Перспектива меня не прельстила.
— С удовольствием бы вам помогла, но, знаете ли, мне домой пора, — попыталась отпереться я от великой чести. — У меня работа… квартира без присмотра… до защиты дипломной работы — всего ничего. Вы себе другую Избранную найдете. Наверняка, их у священного ручья без дела толпы слоняются. Честное слово, просто вы меня первой встретили!
Кристально честный взгляд, оказывающий благотворное выражение на директора почему-то не помог. Молчание затягивалось.
— На что меня избрали-то? — обреченно спросила я.
— Ты должна сохранить Спасителя.
Приехали. Кем-кем, а телохранителем мне еще быть не приходилось. Честно признаюсь, физкультура никогда не была моим любимым предметом — отлынивала от нее по мере возможности. Лыжи — так просто ненавидела. Память до сих пор хранила ужасные воспоминания. В те дни, когда в расписании стояли уроки физической подготовки, к бремени ранца с пудовыми книжками и сменной обуви добавлялись пакет с одеждой, лыжи и палки, соскальзывающие при каждом удобном и неудобном случае. О, эти красно-синие деревянные монстры, превращавшие мое утро в картину «Бурлаки на Волге»!
Хм-м… Палата номер шесть кроме меня заждалась еще парочку пациентов. Поэтому я осторожно, чтобы не разозлить этих помешанных, сказала:
— Боюсь, я не гожусь в телохранители: физическая подготовка не та, знаний маловато — обращение не по адресу. Тут нужен мужик шкафообразных размеров, а не девушка с высшим образованием и пристрастием к сидячему образу жизни.

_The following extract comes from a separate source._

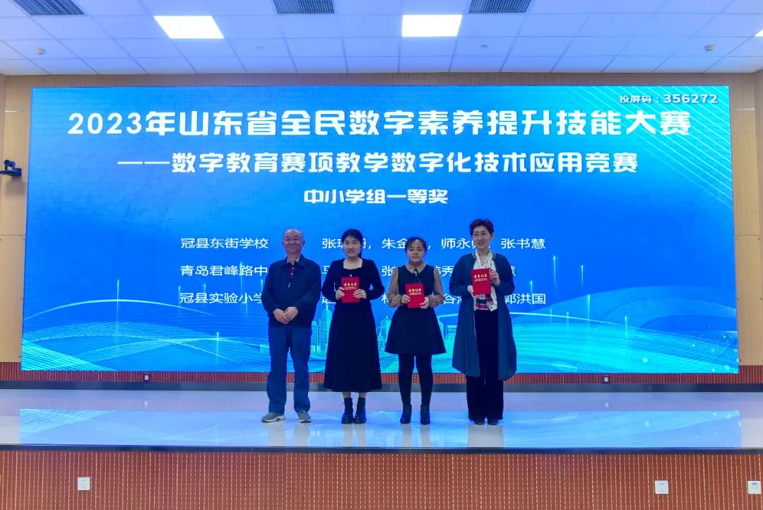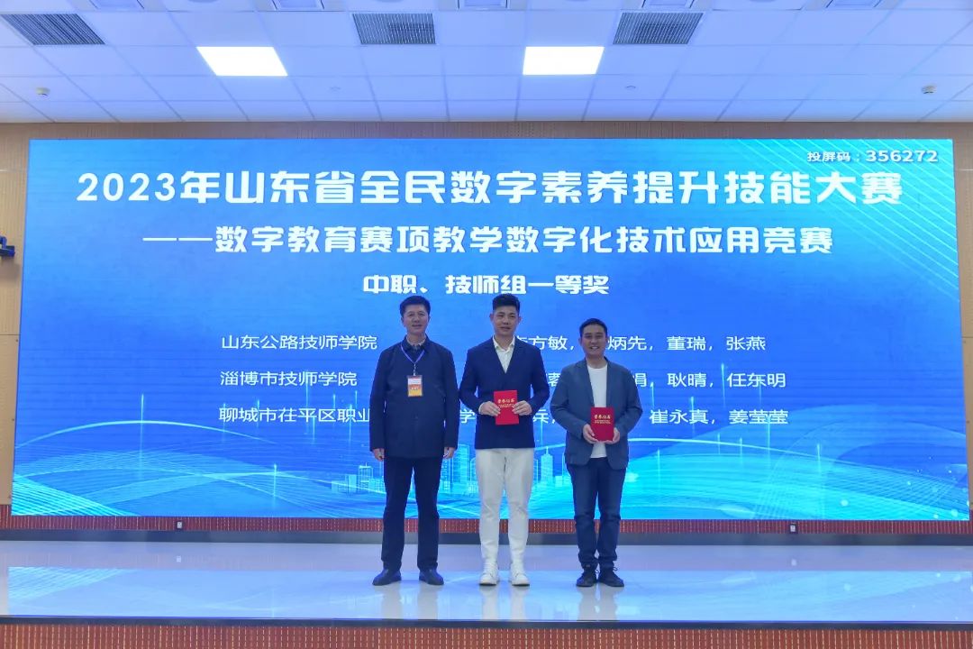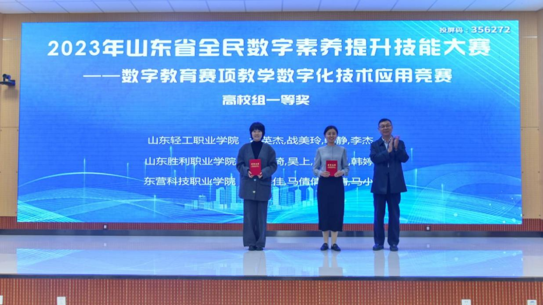 本站讯(通讯员 韩静)11月3日至4日,2023年山东省全民数字素养提升技能大赛——数字教育赛项教学数字化技术应用竞赛决赛在山东轻工职业学院成功举办。来自全省的48支队伍进入决赛答辩环节,经过激烈角逐,最终我校孟英杰、战美玲、韩静、李杰团队获得高校组一等奖的好成绩。

— Тебя научат, — снизошла до объяснения принцесса.
Оно мне надо?
— А что я со всего этого буду иметь? — очень закономерный вопрос.
— То есть? — по-идиотски вытаращенные глаза не идут даже таким совершенным красавицам как эта.
— Оплата труда, премиальные за риск, доплаты за вредность, условия страхования, социальные льготы, отчисления в пенсионный фонд, ежегодный отпуск, — начала перечислять я, загибая пальцы. Работа с кадровыми документами давала себя знать, позволяя привычным вещам отсрочить притаившуюся за внешним спокойствием панику.
— Быть Избранной — это честь… — девушке не хватило слов и дыхания, чтобы закончить предложение.
Неужели?
— Тогда сама и охраняй своего спасителя. Почет тебе и слава! А также божья помощь в таком нелегком, но нужном деле!
В ее лице не осталось ни кровинки, красивый рот перекосило в бессильном гневе, холеные пальцы вцепились в дорогую ткань. Представляю, насколько сильно сейчас у нее желание расцарапать мою наглую физиономию. От былого радостного воодушевления не осталось и следа.
— Велисса, выйди, — не допускающим возражений голосом приказала настоятельница.
Прекрасное лицо разгладилось, судорожная хватка ослабла, отпуская неповинное платье. Передо мной снова оказалась идеальная героиня романтичных сказок, о спонтанной вспышке гнева предательски свидетельствовала только смятая материя. Девушка молча развернулась и покинула комнату, аккуратно закрывая дверь, как будто та была из стекла.
Настоятельница величественно поднялась и вышла из-за стола. Казалось, она не шла, а плыла над полом, не утруждая себя прозаической поступью. Широкое одеяние подыгрывало этой иллюзии, окутывая фигуру белоснежным облаком. Стоящее напротив кресло приняло женщину, как трон королеву. Блекло-голубые глаза внимательно ощупывали меня с ног до головы, не упуская не единой детали. Я в долгу не осталась, получив наконец возможность оценить собеседницу. Открытыми у нее оставались только лицо и кисти, все остальное запрятано под форменное одеяние. Руки — по-мужски крепкие, не изнеженные покоем и бездельем. Морщин не много, да и те следствия подвижной мимики, а не времени. Но она была стара. Очень. Готова поспорить на месячный оклад, что волосы под головным убором белее ее одеяния.